How to build conflict-resolution skills on your team
Here's the uncomfortable part: reading this article won't make anyone better at conflict. Knowing the five styles is not the same as staying calm and structured while an angry family member is in your face. That gap between knowing and doing only closes with practice.
The teams that get good at conflict treat it like any other clinical skill. They rehearse it in low-stakes reps before the real thing, debrief the hard conversations that do happen, and have managers model the behavior instead of assigning a slide deck. Skills decay, too — a single workshop in onboarding fades within months without repetition.
This is the problem Trainio was built for. Staff rehearse the hardest conversations — a furious family member, a tense handoff, a patient escalating at the desk — with AI, not on real patients, and get rubric-based feedback on what they did well and what to fix.
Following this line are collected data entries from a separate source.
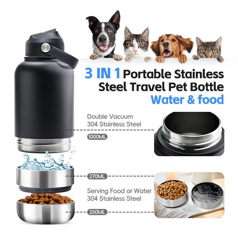 ขวดน้ำสุญญากาศ32ออนซ์พร้อมชามอาหารสัตว์สุญญากาศทำจากสเตนเลสผนังสองชั้นสำหรับเดินทางขนาดใหญ่ออกแบบได้ตามที่ต้องการ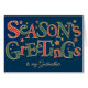 Una tarjeta de Navidades de diseño para una Madrina, con "Season's Greetings" (Saludos de temporada) con letras de puntos de polka rojo y blanco y verde oscuro y blanco, delineado con un efecto dorado sobre un fondo azul profundo y repartido con estrellas de efecto dorado y rojas. Puede cambiar fácilmente el mensaje interno en este diseño digital basado en texto de Judy Adamson y si no encuentra una tarjeta para la persona a la que desea enviarla, hay una versión personalizado que puede personalizar.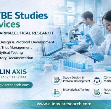 Clin Axis Research Services provides comprehensive BA/BE studies services to support pharmaceutical companies in drug development, regulatory approval, and clinical research programs.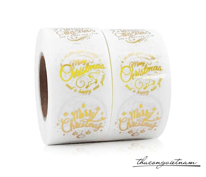 Sticker tròn Giáng Sinh nhũ ánh kim (500 tem) - Merry Christmas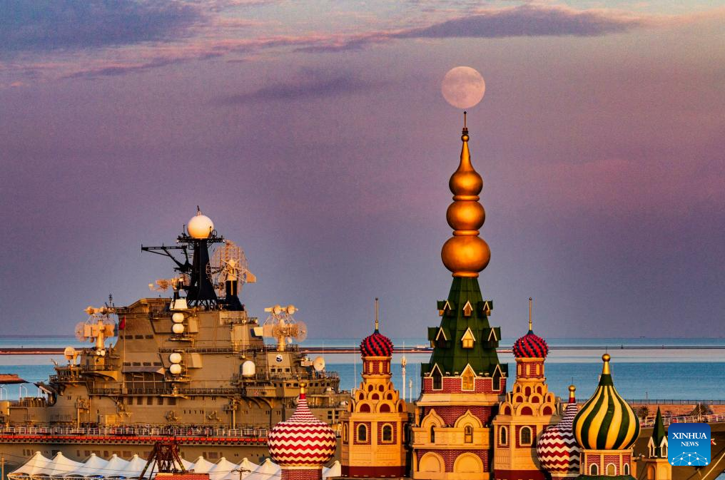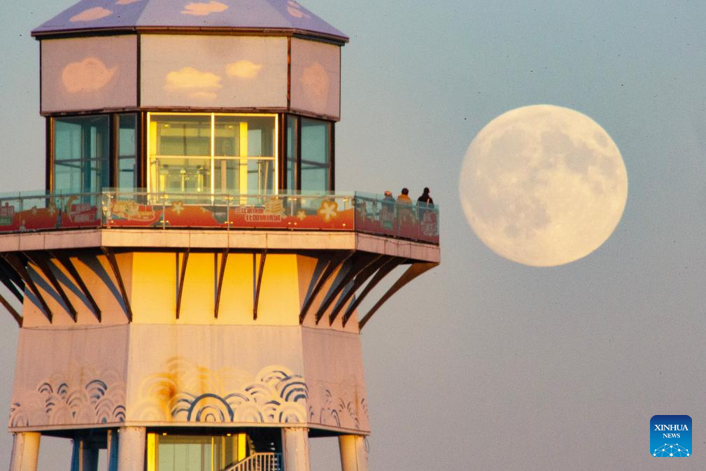 A full moon is pictured near Jingshan Park in Beijing, capital of China, Oct. 6, 2025. Monday marks this year's Mid-Autumn Festival, which is celebrated annually on the 15th day of the eighth month in the Chinese lunar calendar. People across China admire the full moon to celebrate the traditional holiday. (Xinhua/Liu Jinhai)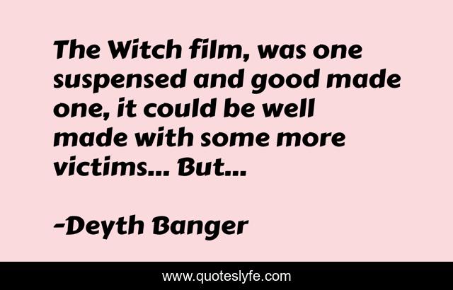 This page presents the quote "The Witch film, was one suspensed and good made one, it could be well made with some more victims... But...". Author of this quote is Deyth Banger. This quote is about comment, suspensed, witch, film,.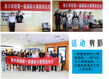 2016年7月22日,賽爾網(wǎng)絡(luò)第一屆攝影大賽頒獎(jiǎng)儀式在公司總部16-1會(huì)議室舉行,總經(jīng)理辦公室主任李靜主持頒獎(jiǎng)儀式,公司副總經(jīng)理李星老師、賽爾新技術(shù)熊飛總作為本次攝影大賽的評(píng)委應(yīng)邀出席頒獎(jiǎng)儀式并為獲獎(jiǎng)?wù)哳C獎(jiǎng)。總部獲獎(jiǎng)?wù)呒皵z影大賽相關(guān)工作人員參加了頒獎(jiǎng)儀式。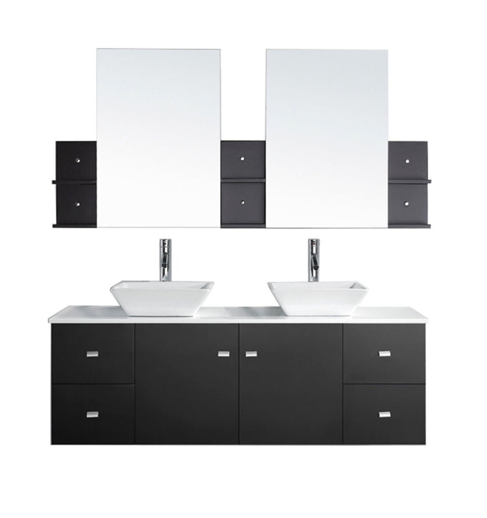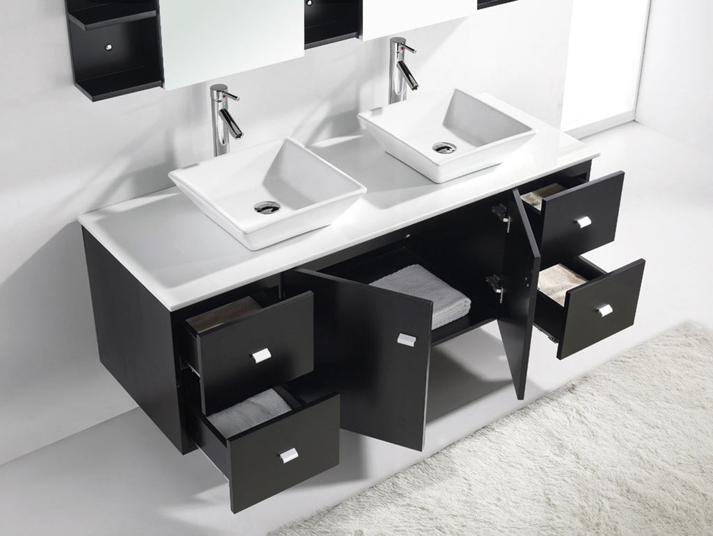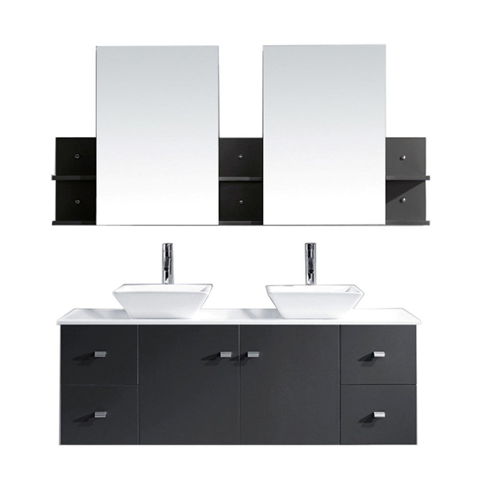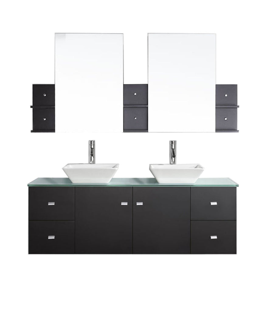 The Clarissa is truly a magnificent vanity, uniquely designed with the latest modern bathroom style. It is constructed from high quality solid oak wood and finished with Espresso color. The Clarissa vanity features the options of white artificial stone or tempered glass countertop. Beautiful ceramic sinks triumph and further enhance the design. The Clarissa offers significant storage including medicine mirror cabinets with wall shelves. Better yet, with this vanity set there is included eco-friendly and lifetime warranty faucets. This Clarissa vanity set will amplify any bathroom design. Virtu USA has taken the initiative in changing the vanity industry by adding soft closing doors and drawers to their entire product line. The premium soft-closing hardware not only increases the safety of the vanity, but also its lifetime reliability. Available color Espresso, Grey, White. Glass and Stone top.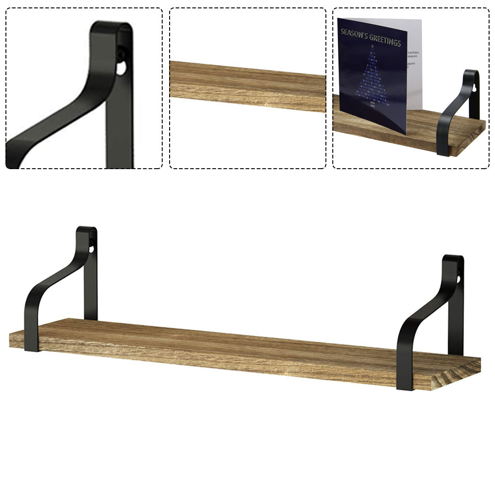 Livingandhome 3Pcs Rustic Metal Wood Floating Shelf Brackets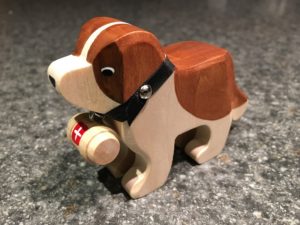 The St Bernard with the keg is hand-carved from sustainable Swiss limewood. It was made in the village of Brienz that has a long wood-carving tradition.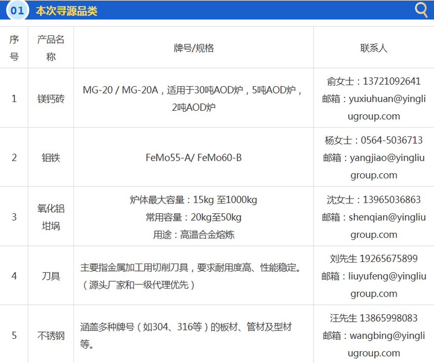 应流集团公开寻源镁钙砖、钼铁、氧化铝坩埚、刀具、不锈钢等供应商 诚邀优质供应商携手同行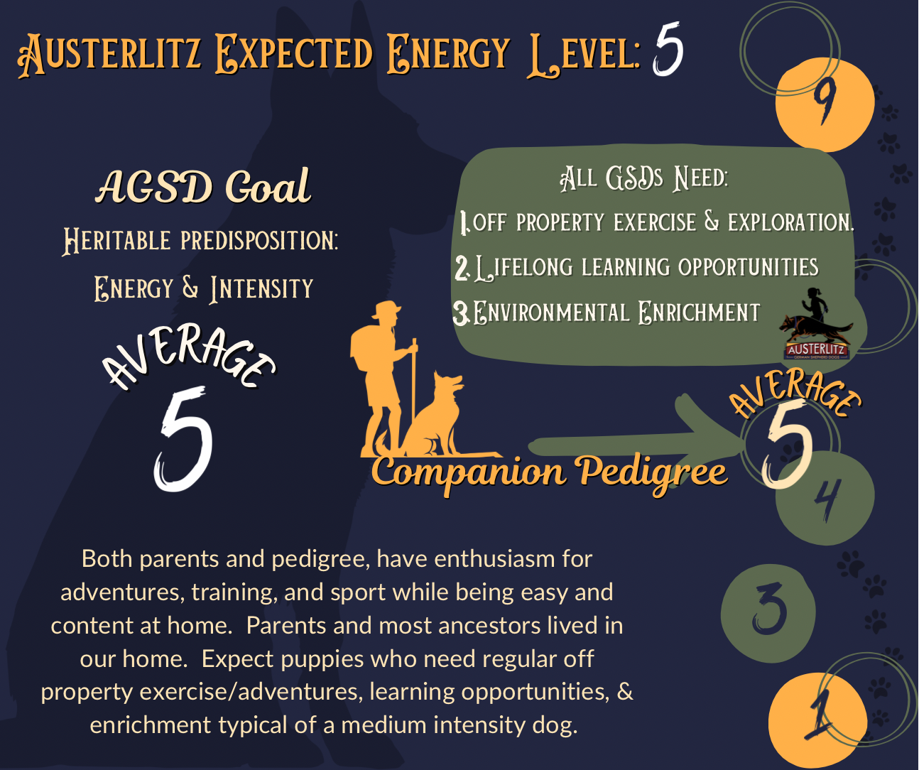 We have a scoring system we use to help communicate to puppy seekers the energy level of a particular parent dog and also what we expect for that litter.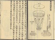 The first confirmed reference to what can be considered gunpowder in China occurred more than three hundred years later during the Tang dynasty, first in a formula contained in the Taishang Shengzu Jindan Mijue (太上聖祖金丹秘訣) in 808, and then about 50 years later in a Taoist text known as the Zhenyuan miaodao yaolüe (真元妙道要略).[10][15] The first formula was a combination of six parts sulfur to six parts saltpeter to one part birthwort herb. The Taoist text warned against an assortment of dangerous formulas, one of which corresponds with gunpowder: "Some have heated together sulfur, realgar (arsenic disulfide), and saltpeter with honey; smoke [and flames] result, so that their hands and faces have been burnt, and even the whole house burned down."[10] Alchemists called this discovery fire medicine ("huoyao" 火藥), and the term has continued to refer to gunpowder in China into the present day, a reminder of its heritage as a side result in the search for longevity increasing drugs.[16] A book published in 1185 called Gui Dong (The Control of Spirits) also contains a story about a Tang dynasty alchemist whose furnace exploded, but it is not known if this was caused by gunpowder.[17]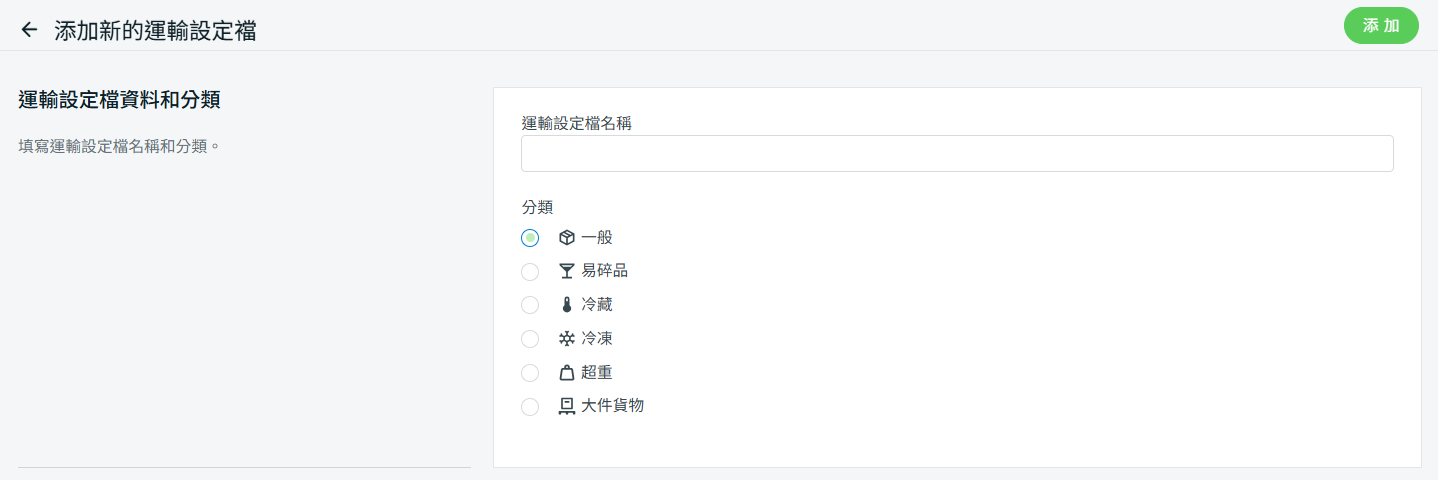 步驟三:填寫運輸設定檔名稱 > 選擇分類。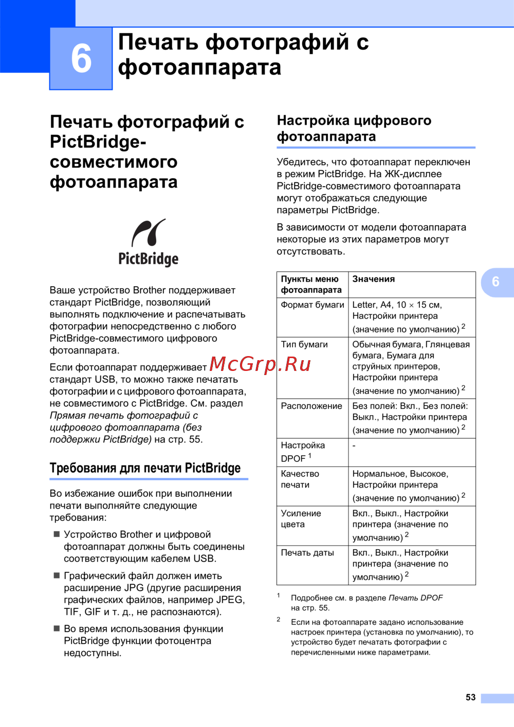 Brother DCP-385C — печать фотографий с PictBridge-совместимого фотоаппарата [61/131]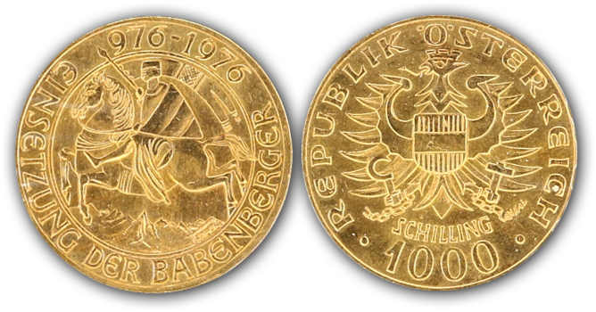 GOLD: 1976, 1000 Schilling Babenberger, 13,5 g 900/1000 Gold, vz (Image)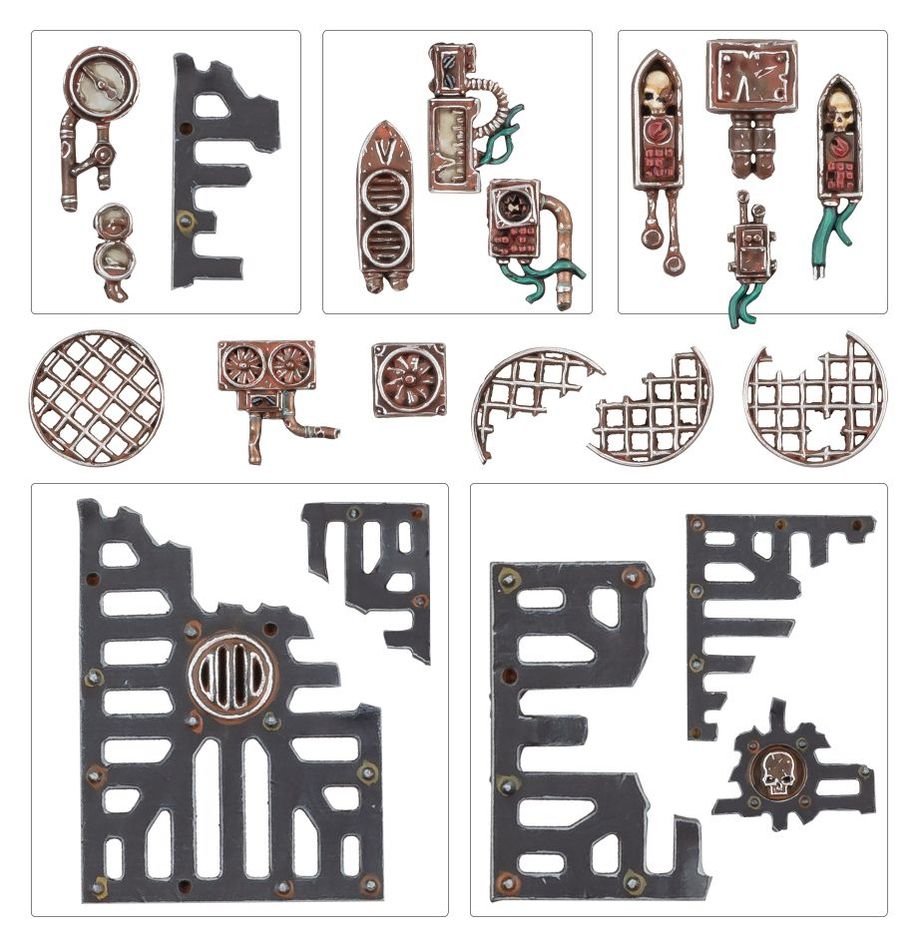 In addition to the bases, this kit contains loads pieces of grim and industrial basing material to add detail and narrative elements to your miniatures, such as gantry sections, broken grille panels, discarded fans, shattered gauges, and time-worn vox relays.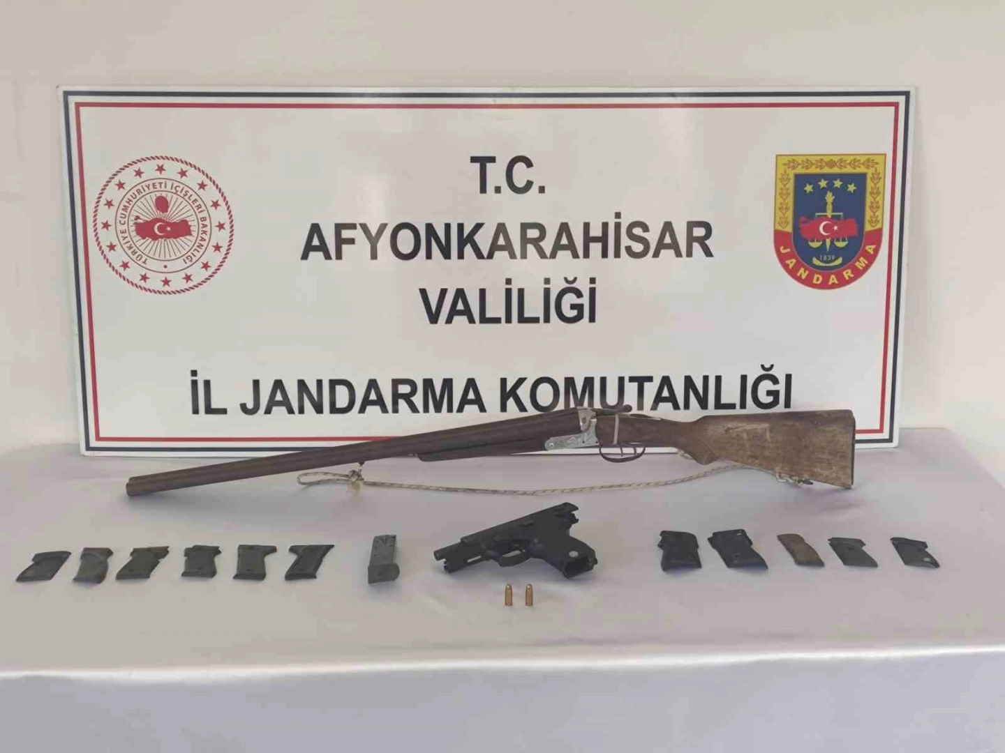 Afyonkarahisar’da yaşadığı köydeki evine atölye kurarak kurusıkı silahların namlularını açarak silah satışı yaptığı tespit edilen şahıs jandarma tarafından yakalandı.Edinilen bilgilere göre, Afyonkarahisar İl Jandarma Komutanlığı ekipleri kent merkezine bağlı Değirmendere köyünde ikamet eden A.G. isimli şahsın evine atölye kurarak silah imalatı yaptığı bilgisini aldı. Ekipler baskın yaptıkları atölyede şahsın silah tamiri ve kurusıkı tabanca namlusu açtığı, ayrıca silah alım satımı yaptığını tespit etti. Operasyonda şahıs gözaltına alınırken, ruhsatsız tabanca, ruhsatsız av tüfeği, 11 silah kabzası ve 2 mermi ele geçirdi.

You can practice a scenario live by care setting and role, so a behavioral-health tech and a front-desk rep work the situations they actually face.
If you're weighing a more structured program, our guide on how to choose a conflict and de-escalation training program walks through the options and what actually moves the needle.
Frequently asked questions
Conflict resolution in healthcare is the process care teams use to address disagreements — between staff, or between staff and patients or families — so they reach a workable outcome without harming patient care, safety, or working relationships. It's a learnable skill built on communication, a clear process, and choosing the right approach for the moment.